The following question is taken from D. A. Marcus' Number Fields Chapter 3 Exercise 9(c). There is a question on this already but I do not understand the answer there provided by @AdamHughes (Algebraic number theory, Marcus, Chapter 3, Question 9)
Let $K$ and $L$ be the number field such that $K\subset L$ and let $R,S$ be their algebraic integers, respectively.
a) Let $I$ and $J$ be ideals in $R$, and suppose $IS|JS$. Showw that $I|J$.
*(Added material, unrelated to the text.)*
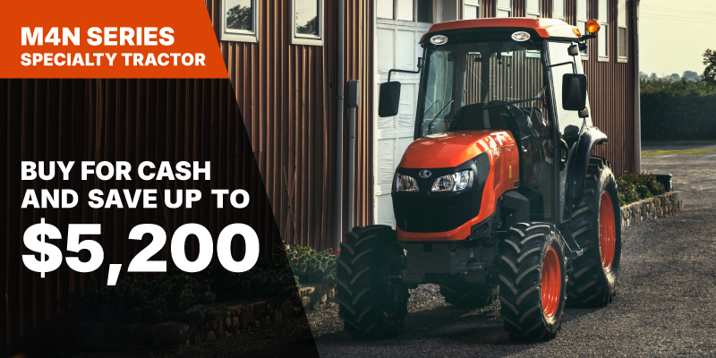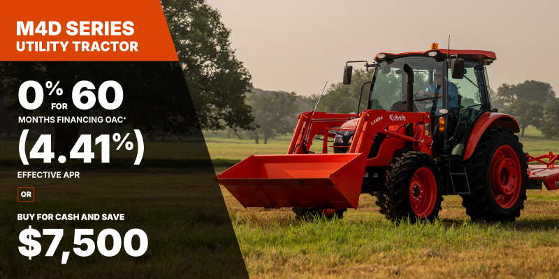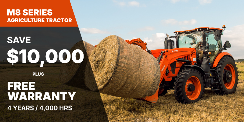 M8 Discount shown available on a new and previously unregistered M8 is $10000.00. Offer cannot be applied on past transactions, and has no cash surrender value. The 4 year/4,000h warranty on M8 offer is only valid in Canada on products distributed by Kubota Canada Ltd. Discount(s) apply before tax. Offer cannot be applied on past transactions, and has no cash surrender value. Offer valid until 06-30-2026.

b) Show that for each ideal $I$ in $R$, we $I=IS\cap R$.
c) Characterize those ideals $I$ of $S$ such that $I=(I\cap R)S$.
Any hints/explanations would be appreciated for the special case when $I=Q^{m}$ or the general case.
Edit: I have attempted a proof and answered this question on my own. Feel free to comment any improvements/shorter approaches.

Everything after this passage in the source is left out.